Entries taken from a collection
§ §

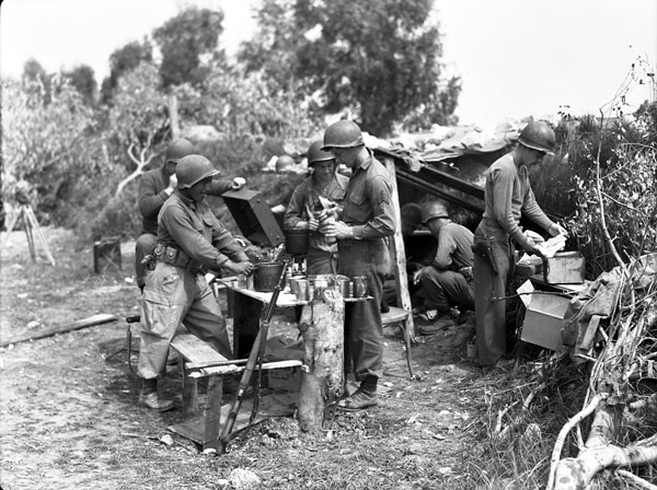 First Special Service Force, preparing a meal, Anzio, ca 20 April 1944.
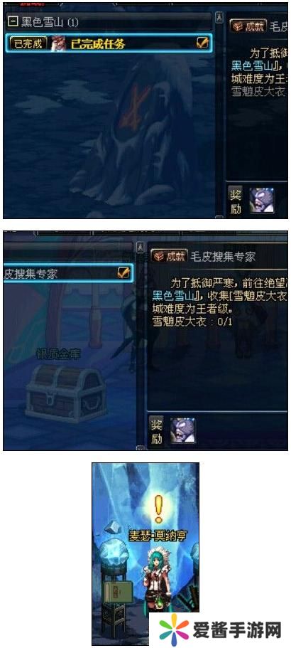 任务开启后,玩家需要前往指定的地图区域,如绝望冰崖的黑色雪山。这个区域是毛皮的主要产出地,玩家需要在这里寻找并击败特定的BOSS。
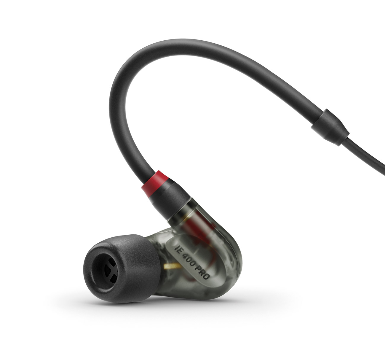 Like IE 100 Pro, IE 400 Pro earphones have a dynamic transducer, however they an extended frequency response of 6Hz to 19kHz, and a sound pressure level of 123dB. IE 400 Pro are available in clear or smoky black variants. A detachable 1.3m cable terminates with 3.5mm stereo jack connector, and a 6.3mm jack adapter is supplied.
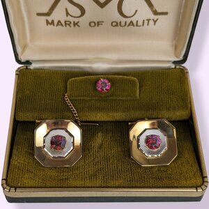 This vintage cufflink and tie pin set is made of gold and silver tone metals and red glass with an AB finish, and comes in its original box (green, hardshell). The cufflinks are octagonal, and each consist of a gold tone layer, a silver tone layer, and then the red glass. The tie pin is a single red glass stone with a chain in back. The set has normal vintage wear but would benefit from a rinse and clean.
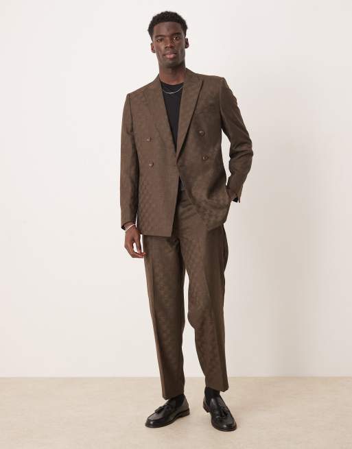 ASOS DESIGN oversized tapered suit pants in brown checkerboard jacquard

§ §

§ Work order: Write out, word for word, only the lines from the one containing "Like IE 100" to the end of the data above; the pictures stay out.

§ Solution for this task:
 Like IE 100 Pro, IE 400 Pro earphones have a dynamic transducer, however they an extended frequency response of 6Hz to 19kHz, and a sound pressure level of 123dB. IE 400 Pro are available in clear or smoky black variants. A detachable 1.3m cable terminates with 3.5mm stereo jack connector, and a 6.3mm jack adapter is supplied.
 This vintage cufflink and tie pin set is made of gold and silver tone metals and red glass with an AB finish, and comes in its original box (green, hardshell). The cufflinks are octagonal, and each consist of a gold tone layer, a silver tone layer, and then the red glass. The tie pin is a single red glass stone with a chain in back. The set has normal vintage wear but would benefit from a rinse and clean.
 ASOS DESIGN oversized tapered suit pants in brown checkerboard jacquard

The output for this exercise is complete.